I just realized that by putting "9 months" and the word "announcement" in the same sentence that I might have just freaked people out. Heck, I freaked myself out. NO, not pregnant. But everything does have to do with babies.
First baby: this one:
OMGeeee, she is 9 months old today! (Only 3 more months of nursing, yesssssss) This girl is just, well, there are no words. We are finally past the 9 month sleep regression (thank you Jesus) and she is finally over the annoying whining/singing that occurs at every waking moment. I actually think she's just frustrated she can't crawl yet.
Her personality is so alive and real and I *love* this stage. Well, except for the diva part.
Last night, as I was rocking her to sleep, I forced myself to take in every single moment. I mean, I was holding a baby.
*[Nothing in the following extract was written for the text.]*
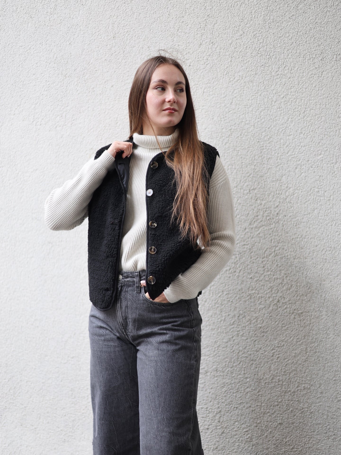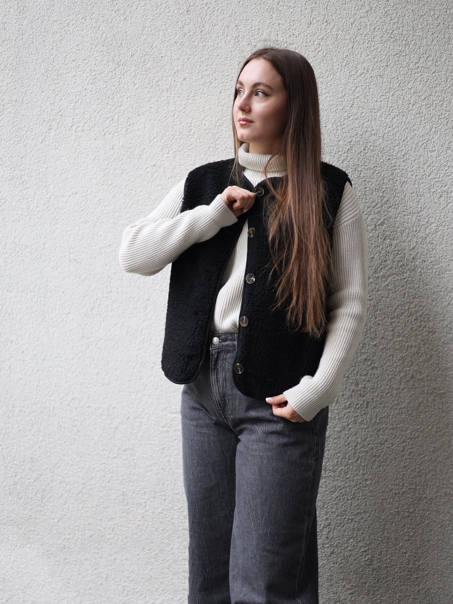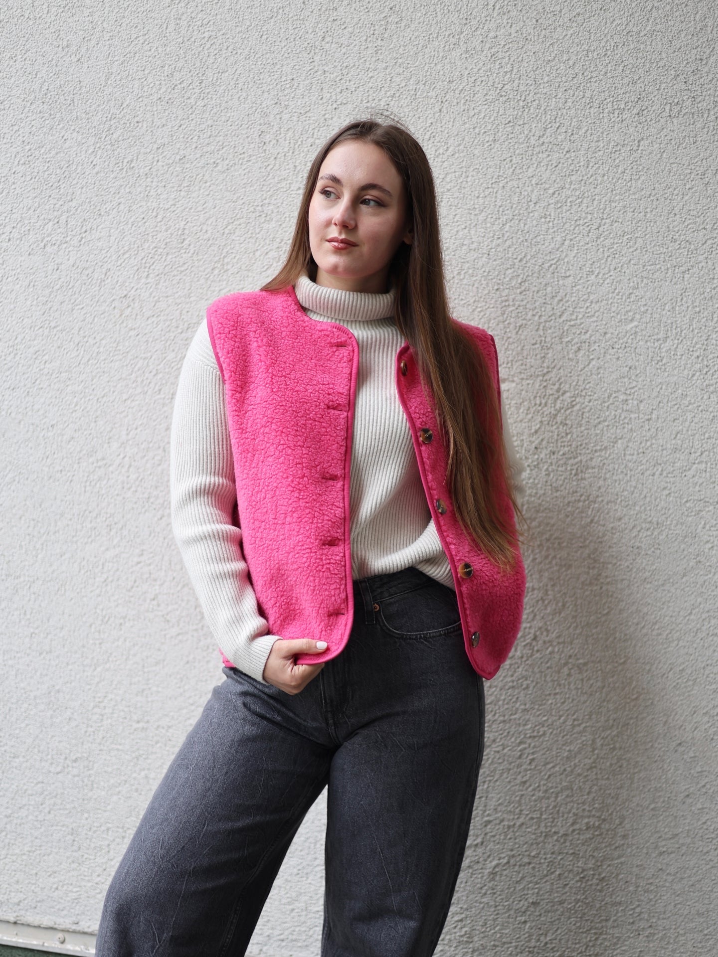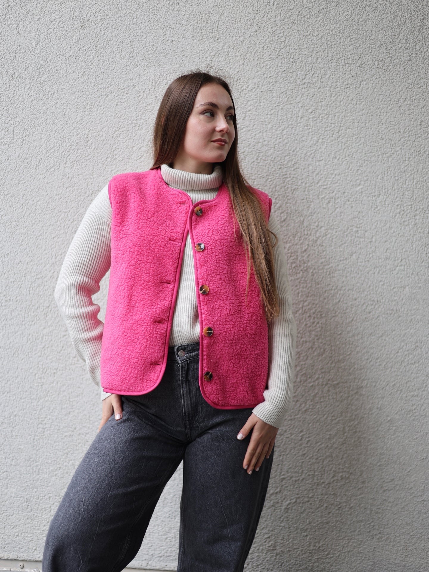 - Cordelia ist 1,67m groß und trägt die Teddyweste.

MY baby. I was overwhelmed with how lucky I am. That, no matter how hard and crappy it can be sometimes, I never ever take a moment for granted. It all can be taken away tomorrow. I could never have this experience again. You never know. In that rocking chair I was humbled and emptied and filled and just so grateful.
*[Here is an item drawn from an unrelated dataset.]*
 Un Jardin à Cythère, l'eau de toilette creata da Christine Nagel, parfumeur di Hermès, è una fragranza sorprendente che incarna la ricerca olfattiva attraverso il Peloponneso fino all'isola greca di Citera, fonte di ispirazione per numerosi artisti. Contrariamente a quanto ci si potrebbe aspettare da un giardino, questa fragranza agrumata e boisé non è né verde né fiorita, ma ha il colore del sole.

OK, now onto my next baby. This blog. I've had a love/hate relationship with it in the past but it kept calling me back (we went over this already, like a while ago or something). And now, it's being born into something new. (see what did there?, good job Kristine.)
Today is the last day of The Fire Within. This blog, you all, have treated me so well. But it's time she blossoms into something new. Actually this blossoming has been in the works for a few months now and tomorrow will be the next chapter in, hopefully, a long book. Man, I'm getting too frilly and sentimental - especially on a Tuesday morning.